After this, I loaded the file into QGIS, checked to see it captured all regions, simplified geometries a bit more and reduced the decimal points of coordinates (set at 15) to 4. 

Since this file was still huge, it could not be uploaded to Datawrapper, and simplifying geometries more would make regions unrecognizable. I looked up other ways to present the data and came across using **tiles**.

I used tippecanoe to convert the simplified Geojson file (still over 400 MB) to a mbtiles file (18 MB):

In [None]:
!tippecanoe -o admin_cat.mbtiles PATH_TO_MY_FILE.geojson

map.on('load', function () {
    map.addSource('vector-tiles', {
        type: 'vector',
        url: ''PATH_TO_MY_FILE'' // URL to vector tiles
    });
    map.addLayer({
        'id': 'vector-layer',
        'type': 'fill',
        'source': 'vector-tiles',
        'source-layer': 'layer-name',
        'paint': {
            'fill-color': '#888888',
            'fill-opacity': 0.4
        }
    });
});


I attempted to create a mapbox tile layer using code, all of which failed, so I created a Mapbox Studio account, uploaded the mbtiles files there and then got the tile ID that way.

I created an HTML file linking to the mapbox tile ID, and customized it to create this interactive map (see attached file: **mapbox_nilebasinfloodmap.html**). Although all regions were shown, flood risk values for certain regions could only be seen when zooming in. Also, the map could not be automatically updated. 

**At this point, I decided to switch to downloading the *hotspots layer* instead, which shows similar information on flood risk for certain locations but is a much smaller file mapping points rather than geographic regions.**

I decided to try to use the geographic regions data to come up with a boundary for this map. Back in QGIS with my simplified admin_cat file, I dissolved regions and saved the polygon lines in QGIS. Then I exported it as a Geojson file to get the overall boundary shape. I imported this polygon to Datawrapper, but the map was unable to detect any other locations such as countries or cities like it can for other basemaps. Because it would be hard for viewers to understand where this polygon was located in the world and Datawrapper can only allow for one base map at a time, I decided not to use it, but I uploaded it to my final repo for potential use in layering for more complex maps.

# Project Attempt #2: Downloading and visualizing hotspots layer data

Using this layer was much more straightforward due to its manageable size.

## Step 1: Scraping Flood Risk Geodatabase

In "hotspot_clusters_updater.ipynb," I download the layer **nile2:hybas_hotsport_cluster**, which contains all the information for the hotspots, using requests.
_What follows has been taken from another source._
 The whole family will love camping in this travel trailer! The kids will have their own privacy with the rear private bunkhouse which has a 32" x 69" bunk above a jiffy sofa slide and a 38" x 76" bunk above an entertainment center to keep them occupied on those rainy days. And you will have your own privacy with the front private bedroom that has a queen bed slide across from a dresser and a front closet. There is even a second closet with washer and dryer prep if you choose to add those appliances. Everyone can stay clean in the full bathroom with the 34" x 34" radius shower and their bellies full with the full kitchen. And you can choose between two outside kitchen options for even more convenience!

This is the code I used: 

In [None]:
import requests

url = "https://nilebasin-dss-data.azurewebsites.net/geoserver/nile2/wfs?SERVICE=WFS&VERSION=1.1.0&REQUEST=GetFeature&TYPENAME=nile2:hybas_hotsport_cluster&SRSNAME=EPSG:4326&OUTPUTFORMAT=application/json"
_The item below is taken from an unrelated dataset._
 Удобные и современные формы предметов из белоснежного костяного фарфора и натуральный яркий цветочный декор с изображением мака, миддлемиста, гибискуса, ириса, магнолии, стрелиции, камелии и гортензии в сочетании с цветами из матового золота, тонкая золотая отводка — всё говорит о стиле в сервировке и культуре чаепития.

response = requests.get(url)
data = response.json()

Although this works, it doesn't work all the time (probably due to the high-volume request to the server). So I revised the code to define a function that would run this code up to 10 times until the response came through. It allows for a two-second time break between tries using time.sleep:

In [None]:
import time

url = "https://nilebasin-dss-data.azurewebsites.net/geoserver/nile2/wfs?SERVICE=WFS&VERSION=1.1.0&REQUEST=GetFeature&TYPENAME=nile2:hybas_hotsport_cluster&SRSNAME=EPSG:4326&OUTPUTFORMAT=application/json"
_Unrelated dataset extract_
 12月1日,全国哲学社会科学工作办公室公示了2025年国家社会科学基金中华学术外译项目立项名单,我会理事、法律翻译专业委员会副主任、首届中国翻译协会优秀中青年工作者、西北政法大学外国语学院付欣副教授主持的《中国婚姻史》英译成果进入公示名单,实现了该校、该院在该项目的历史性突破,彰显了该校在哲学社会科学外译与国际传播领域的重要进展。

def get_api_response(url, max_retries=10):
    attempt = 0  
    while attempt < max_retries:
        attempt += 1  
        response = requests.get(url)
        
        if response.status_code == 200:
            return response  
        else:
            time.sleep(2)  

    return None  

response = get_api_response(url)
response

I checked how many of the same location (info for different days) were in the dataset by using one location. I found out there was data for 533 different days in this file.

In [None]:
first_location = []

for feature in data['features']:
    if feature['geometry']['coordinates'] == [33.3816, 19.5028]:
        first_location.append(feature['properties']['date_time'])

len(first_location)

I made sure the last day includes today's information by running this code: first_location[-1] 

I tried this out for a couple of other locations to ensure that they were also represented the same number of times in the code.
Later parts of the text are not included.